Discretionary Spending

The Budget Resolution provides $1,080.9 billion in budget authority and $1,269.8 billion in outlays for discretionary programs in Fiscal Year 2010. These totals exclude emergency and supplemental war funding. This is 2.8 percent over the level needed to keep pace with inflation and $15 billion less than the President’s request. Over the five-year period, total discretionary spending (including emergency and supplemental) will fall from 9.5 percent of GDP in 2010 to 7.3 percent in 2014.

Domestic Discretionary Spending

The Budget Resolution provides $475 billion for overall domestic discretionary funding in Fiscal Year 2010 (excluding emergencies and war costs). While final decisions about the allocation of this spending will be made by the Appropriations Committee, the budget was designed by the Budget Committee following many of the priorities in the President’s budget. Highlights include investments in:

Science. The Budget Resolution funds the National Aeronautics and Space Administration (NASA) at $18.7 billion, in recognition of the importance of our nation’s space program and the vital role the space program plays in driving scientific and technological advancements critical to our economy. The Budget Resolution recognizes the possibility that currently planned Shuttle missions may continue beyond the end of Fiscal Year 2010, and provides $2.5 billion above the President’s request for Fiscal Year 2011. The Budget Resolution recognizes the strategic importance of uninterrupted access to space and supports efforts to reduce or eliminate the existing five-year gap in U.S. human space flight capacity until the Crew Exploration Vehicle is operational.

Energy. The Budget Resolution builds on the investments in the American Recovery and Reinvestment Act (P.L. 111-5) by fully funding the President’s request for Fiscal Year 2010 energy discretionary funding. The energy funding level in the Budget Resolution will accommodate increases for:

·         Energy Efficiency and Renewable Energy program. These increases will accommodate investments in important priorities such as wind, solar, geothermal, biomass and biorefinery R&D, hydrogen, vehicle/ building technologies and the weatherization assistance program;

·         Energy Efficiency and Conservation Block Grant Program;

·         Development of low carbon coal technologies such as carbon capture and sequestration;

·         Department of Energy’s loan guarantee program; and

·         Electricity delivery and energy reliability. This increase could be used to modernize the electric grid, enhance security and reliability of energy infrastructure, and facilitate recovery from disruptions to the energy supply.

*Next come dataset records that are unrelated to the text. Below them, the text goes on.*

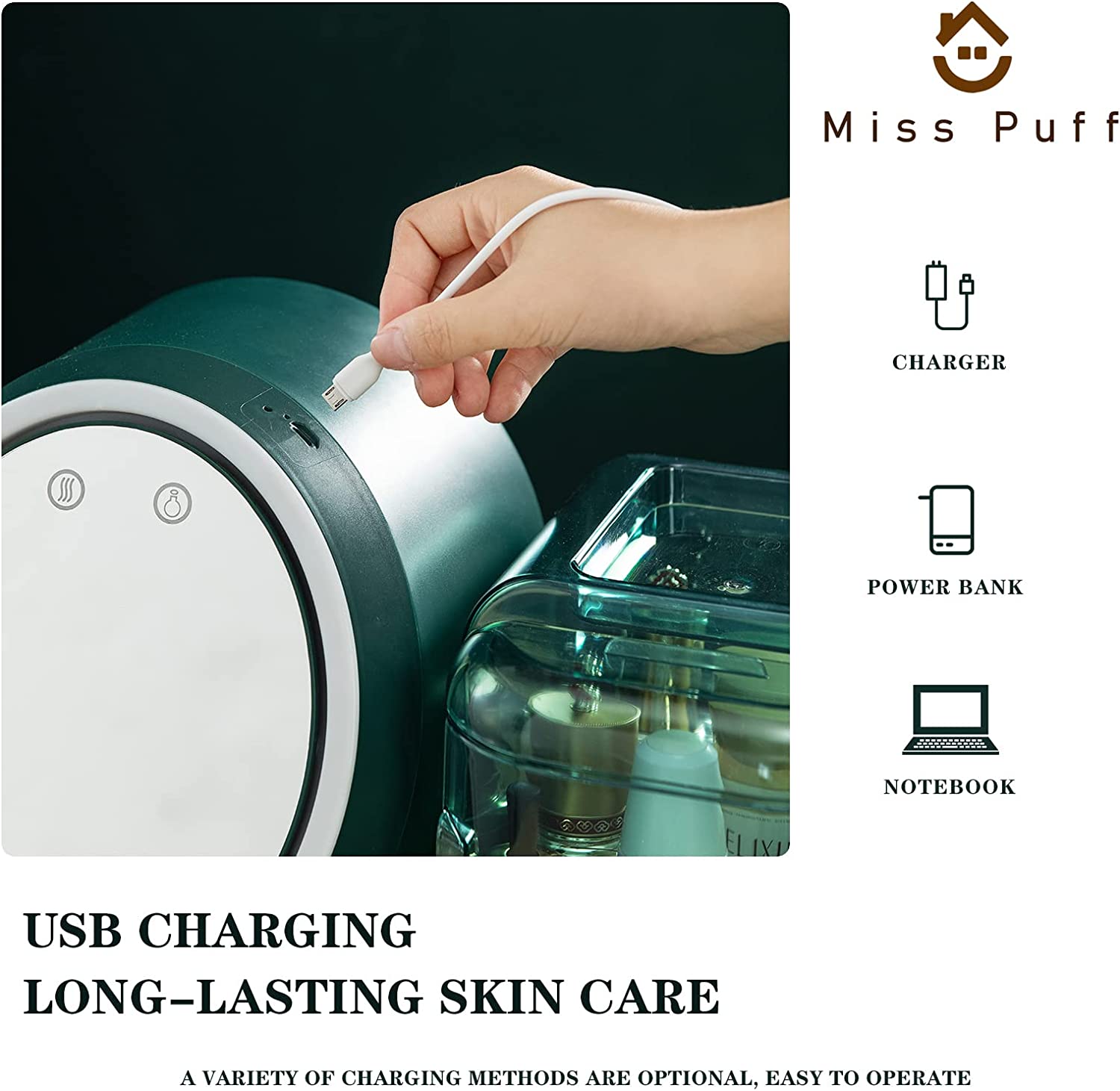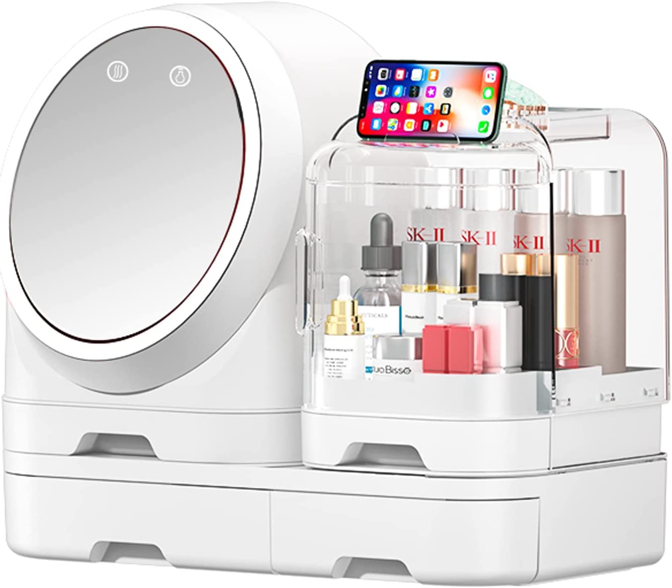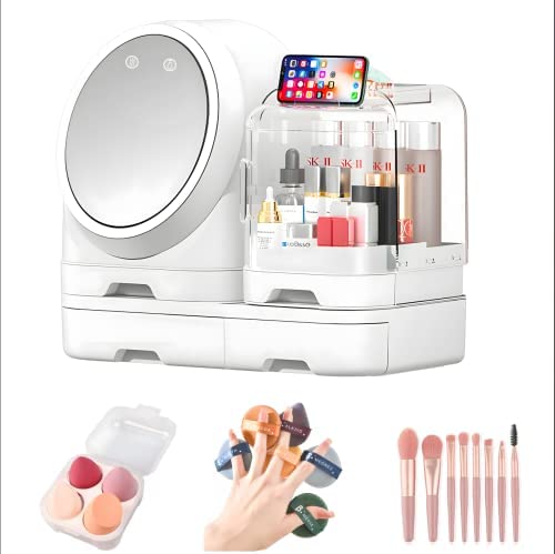 Miss Puff Makeup Organizer with LED Mirror and Fan, Large Capacity Cosmetic Storage Display Case, Waterproof and Dustproof Skincare Organizer for Bathroom and Vanity Dresser
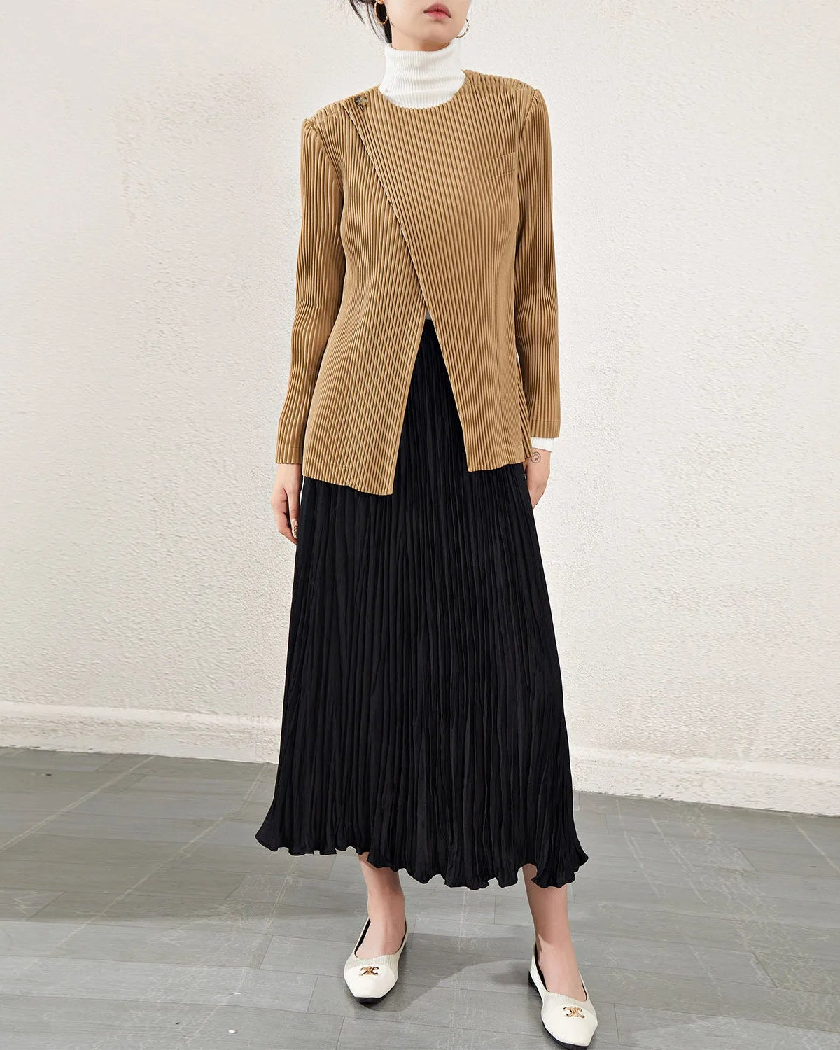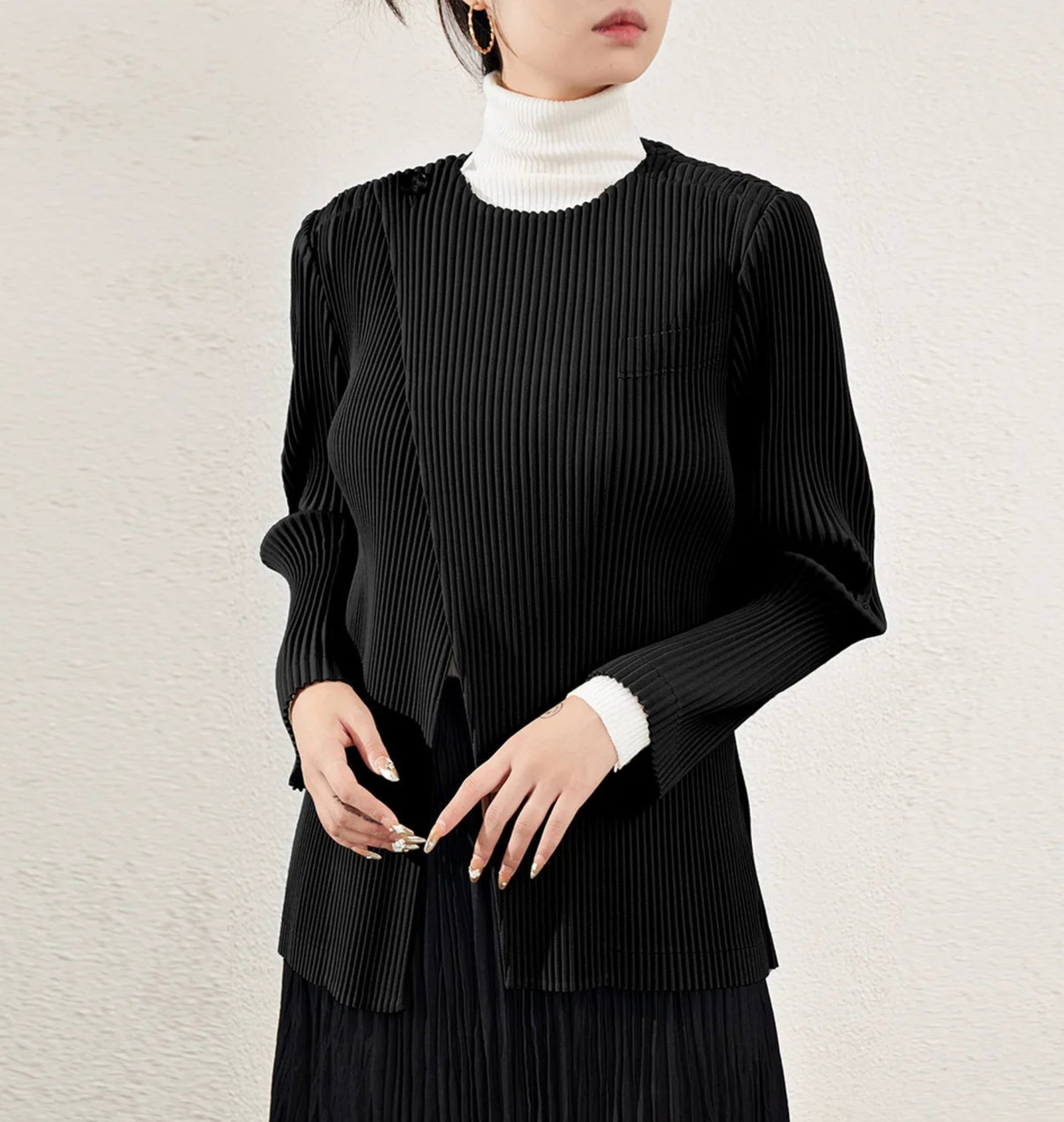 This premium pleated plissé long sleeve jacket flows with movement and shapes the silhouette.
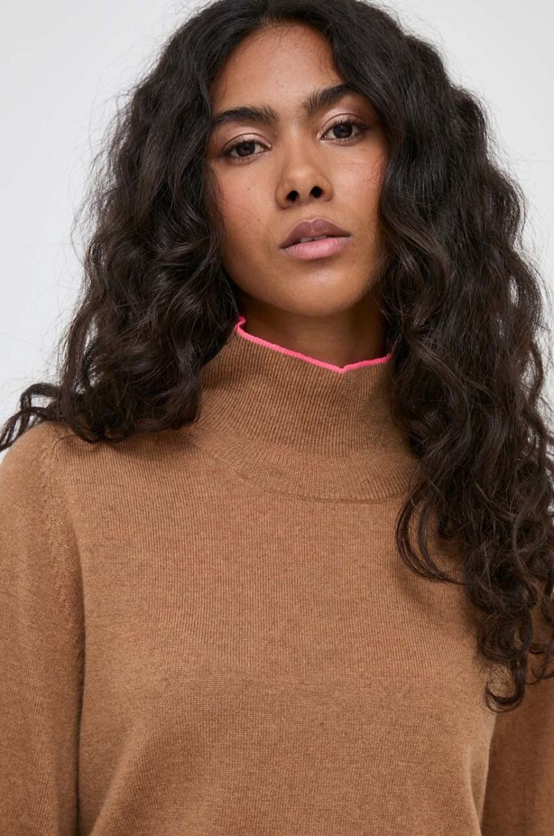 Вовняний светр Pinko жіночий колір коричневий легкий гольф
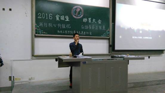 首先,青协主席魏嘉斌对受资助员工义务劳动和志愿服务活动进行了讲解,他以视频的方式展现了青协同学做义务劳动和志愿活动的场景,真切的画面深深的吸引着每个人的眼球,让在场的每一个人深深地体会着“奉献、进步、互助、友爱”的志愿者精神!接着他对上一年青协的常规工作和特色工作进行了说明,要求同学们树立积极主动、认真负责的工作态度。随后,实践部副部长赵航对志愿活动进行了介绍,他要求同学们在志愿活动中能够承担责任,实现人生价值。
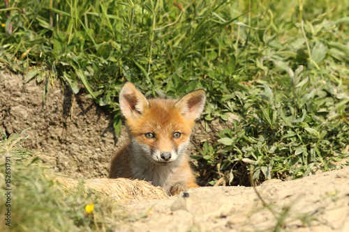 © taviphoto, Obraz premium cute fox cub at the entrance of the den
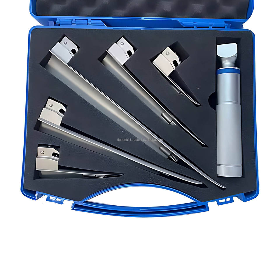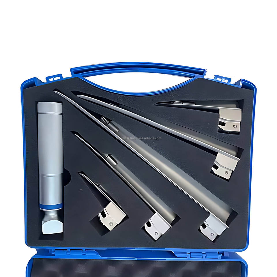 Ensemble de laryngoscope LED en acier inoxydable pour usage vétérinaire avec 5 lames droites de type Miller, batterie amovible
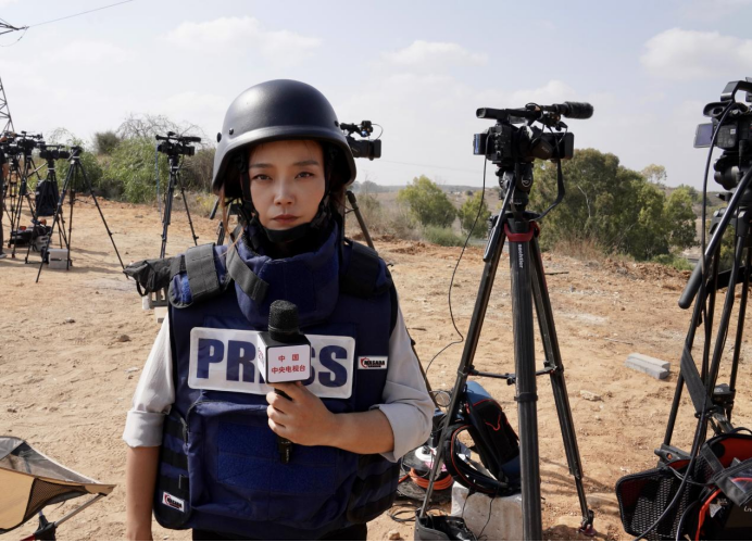 2023年10月24日,中央广播电视总台记者陈慧慧在距离加沙地带不到1公里的斯代罗特,进行直播报道。
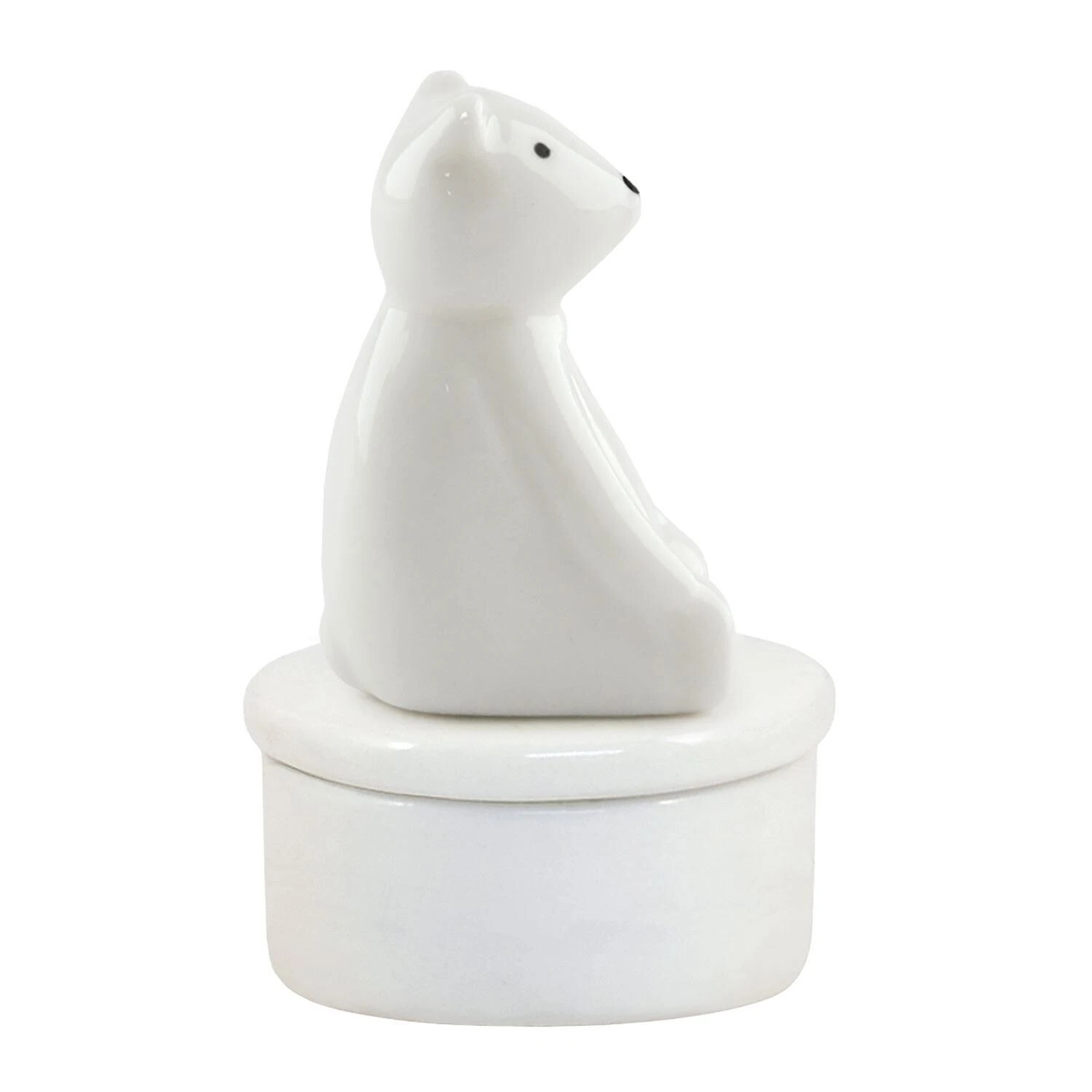 This small porcelain pot is cream in colour with a smooth finish and black dots for eyes and nose, this cute ice-white bear sits upon a small lid to a miniature trinket pot.
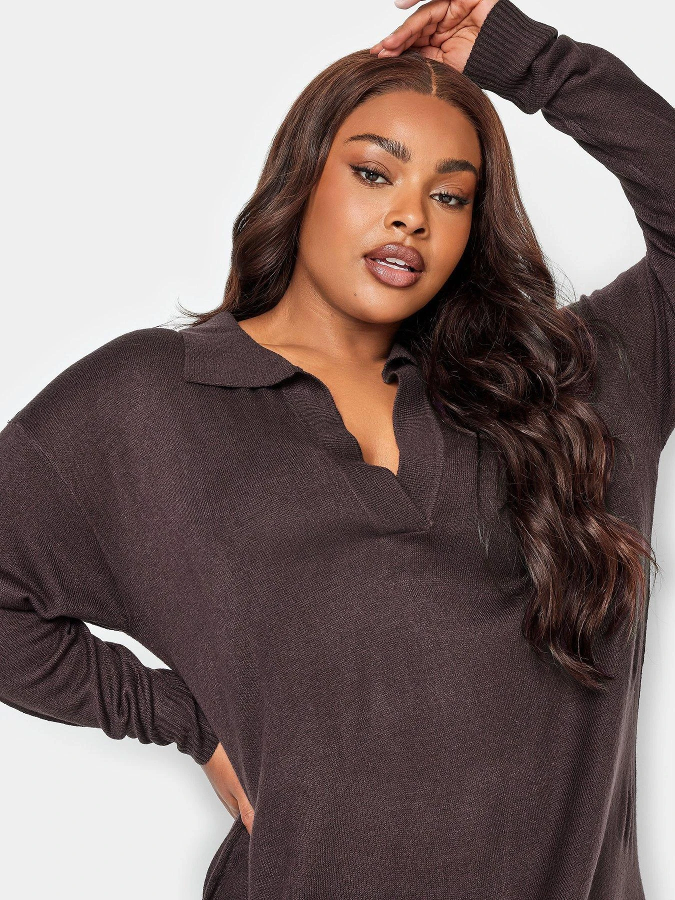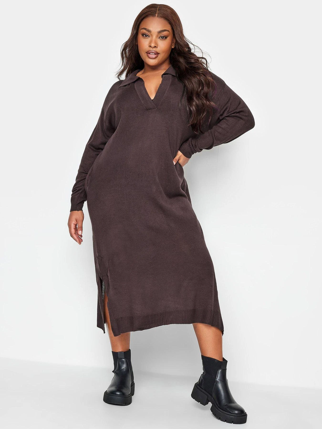 This fine knit plus size jumper dress is set to be your new favourite this season. Made from a soft knitted fabric, it features long sleeves with an open collar and finishes at a midi length. Style with tights and boots for the perfect weekend look!
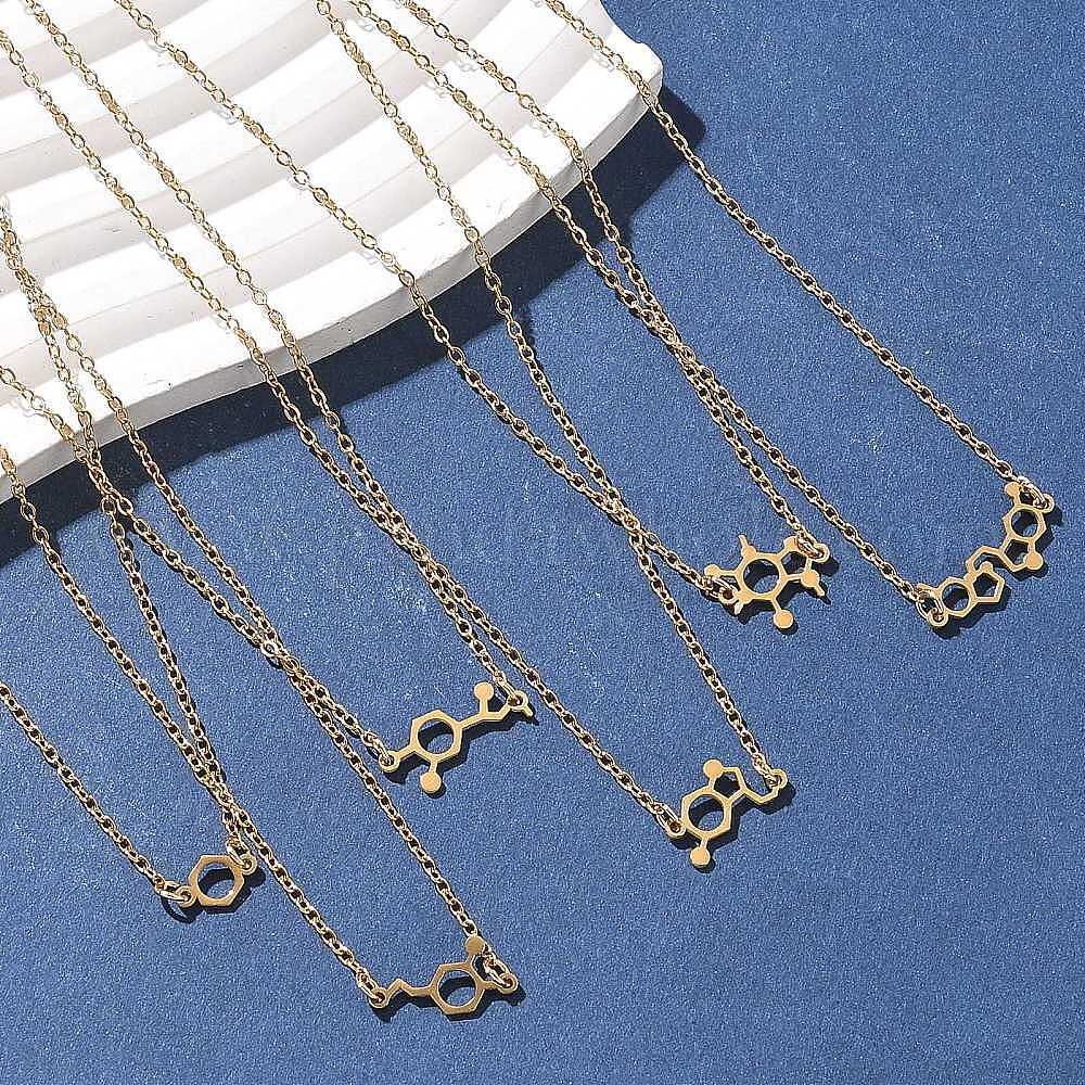 • Настоящее золото 18K 304 ожерелья с подвесками из нержавеющей стали с химическими символами, реальный 18 k позолоченный, 16.81 дюйм (42.7 см)
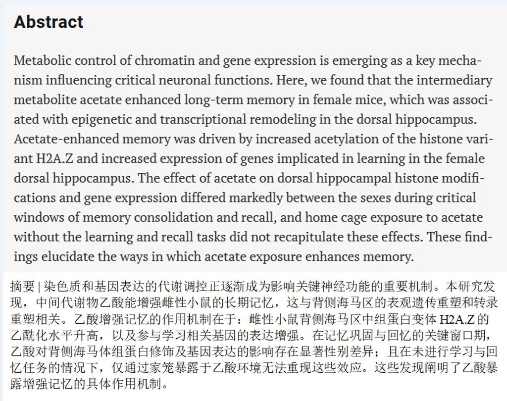 在雌性海马体——大脑的记忆中枢,醋酸盐像一把钥匙,开启了特定的表观遗传开关。一种叫H2A.Z的组蛋白被悄悄乙酰化,原本紧闭的染色质松开了,与学习记忆相关的基因开始活跃表达。尤其是那个叫Nr4a3的基因,它的活跃程度飙升,而这个基因正是记忆形成的核心调控者。
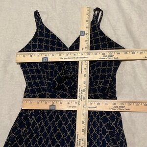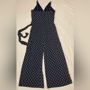 Embrace elegance with this Kaileigh jumpsuit, featuring a striking cream and blue geometric design. The wide-leg silhouette and matching fabric belt create a flattering fit, making it perfect for both casual and formal occasions. Elevate your style with this versatile and chic piece.

The Budget Resolution includes a deficit-neutral reserve fund for legislation that would invest in clean energy or preserve the environment. The reserve fund could be used for legislation to reduce our nation’s dependence on imported energy, produce green jobs, promote renewable energy development, create a clean energy investment fund, improve electricity transmission, encourage conservation and efficiency, implement water settlements, or preserve or protect public lands, oceans, or coastal areas. The legislation could include tax proposals. The reserve fund could also be used for legislation that would invest in clean energy technology initiatives, decrease greenhouse gas emissions, or help families, workers, communities and businesses make the transition to a clean energy economy.

The Budget Resolution also provides funding for the Low Income Home Energy Assistance Program (LIHEAP) consistent with the President’s request. These funds for LIHEAP will help to continue providing heating and cooling assistance to over five million low-income households, including the working poor, disabled persons, elderly, and families with young children.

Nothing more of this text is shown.